Michael D. Moberly August 4, 2008
Why is aligning the intangible assets company’s routinely produce with their business strategy worthy of decision makers’ time? Well, for starters, its an indisputable economic fact – business reality today that, 75+% of most companies’ value, sources of revenue, and future wealth creation lie in intangible assets, i.e., know how, competitive advantages, brand, imgage, reputation, goodwill, and intellectual property!
Secondly, when effectively executed, it becomes part of a company’s operating – strategic culture that can consistently lead to fuller utilization of those assets, i.e., identifying opportunities to (maximize) extract more value!
Decision makers can literally kick start the process of aligning their intangible assets with their business strategy by: (a.) determining who, how, and where intangible assets are being produced (exist) within the company, and (b.) identifying the relationships, connections, and approximating the contribution (value) those intangible assets produce internally and externally relative to the company’s products, services, brand, goodwill, image, reputation, etc., in other words ‘value’. For example…
1. the insight and perspective gleaned from competitor-market research or focus groups are intangible assets that can also be applied to other business units in addition to its traditional use by marketing, sales, or new product development departments’…
2. making a company website ‘user friendly and content rich’ for customers – clients is an intangible asset that can also be utilized to build and enhance customer-client loyalty, identify new services or products, and help translate – market other opportunities for website users…

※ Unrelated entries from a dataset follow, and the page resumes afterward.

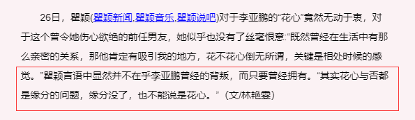 后来她就想明白很多,把一切归咎为缘分,就算男方花心,那也是缘分断了。(瞿颖被李亚鹏分手,也没有说过对方一句坏话)
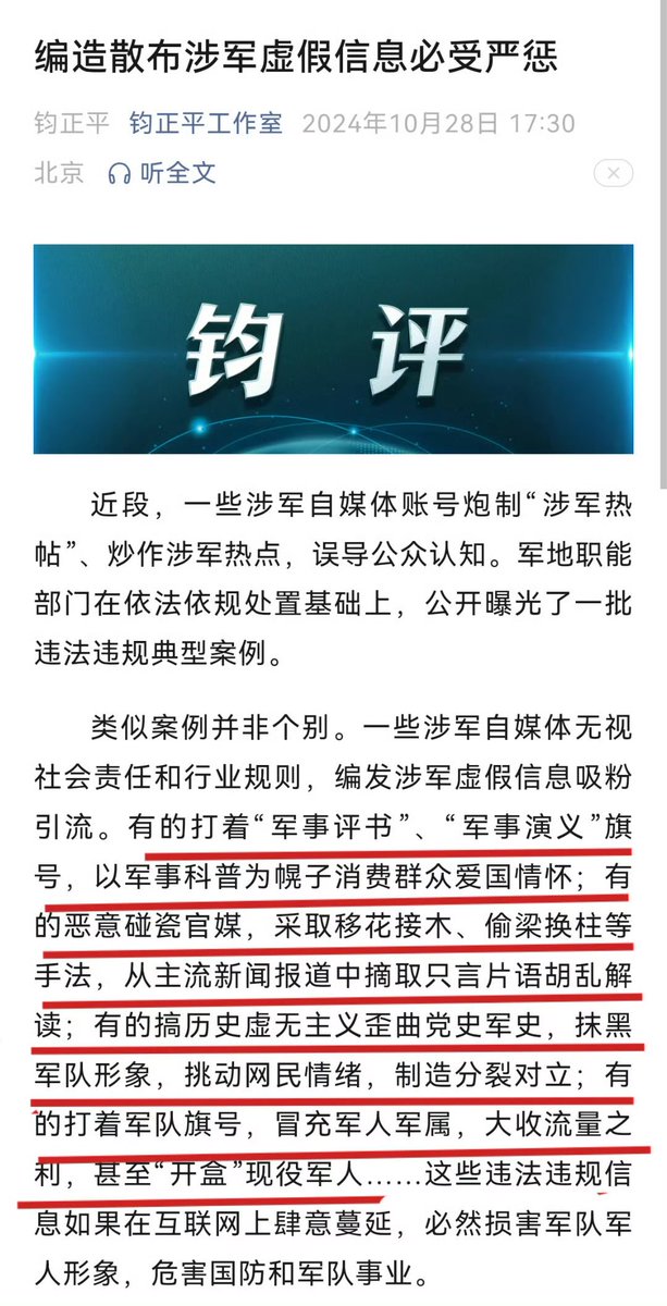 近期,军地职能部门依法处置了一批以军事科普为幌子消费爱国情怀的账号。 例如:“我舰艇击沉四艘外军军舰”,还有账号通过拼接等方式炮制军事爽文:“俄罗斯女飞行员生擒美帝F16战机”等。
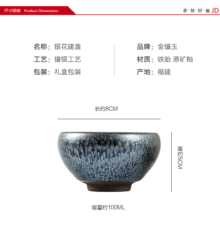 金镶玉 茶杯 银花盏 100ml 铁胎色(单位:个)
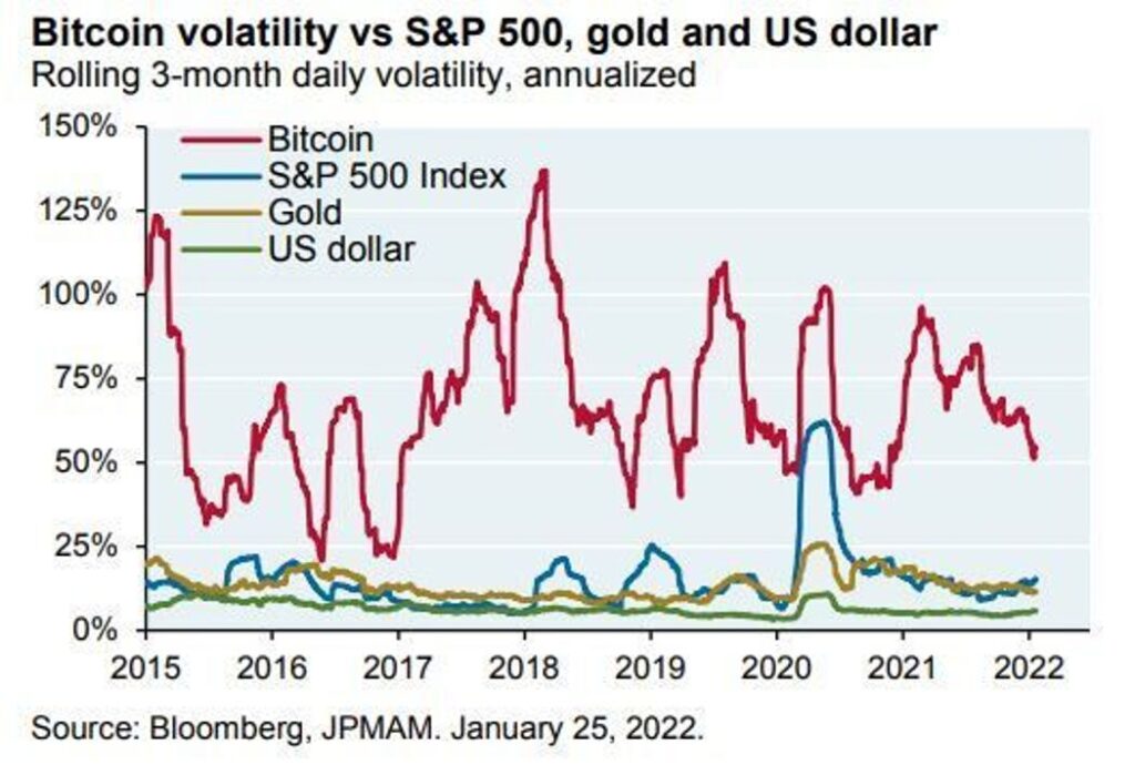 Bu arada Bitcoin oynaklığı, hisse senedi piyasalarındaki hareketi takip ederek “gülünç derecede yüksek olmaya devam ediyor”.

3. the technical know how, employee expertise, and institutional memory/experience emanating from a particular business unit constitutes intangible assets and can be assessed-examined for its cross-function appliction elsewhere (internally, externally) to solve relevant problems or challenges or contribute to new/existing products and services vs. hiring outside consultants…
4. proprietary employee training materials represent intangible assets that can be extrapolated by a company’s marketing-sales department to elevate customer-client familiarity and/or understanding of certain products, services, or even ‘trouble shooting’ to boost sales, goodwill, or even introduce new customers-clients to those products or services, and
5. ‘what works and what doesn’t work’ relative to R&D projects, new product/service development, etc., can be used throughout a company to become more competitive by saving and/or (re-)directing resources more efficiently and effectively.
Taken literally, aligning a company’s intangible assets with its business strategy means recognizing that most all decisions related to the utilization of intangible assets, IP, know how, and competitive advantages are business decisions, not solely legal processes. Therefore, decision makers are obliged (as a fiduciary responsibility) to exercise more management, oversight, and stewardship of those assets and the internal and external network of connections and relationships those assets produce. (Adapted from an article authored by Ron Carson, Innovation Asset Group, and an ‘Article Alley’ article published on 2-1-08)
And, as always, in the present nanosecond, hyper-competitive, winner-take-all global business environment, those fiduciary responsibilities must also include sustaining, (protecting, preserving) control, use, ownership, and value of those assets because the alternatives are rapidly becoming not only loss of asset value or competitive position, but ceasing to exist!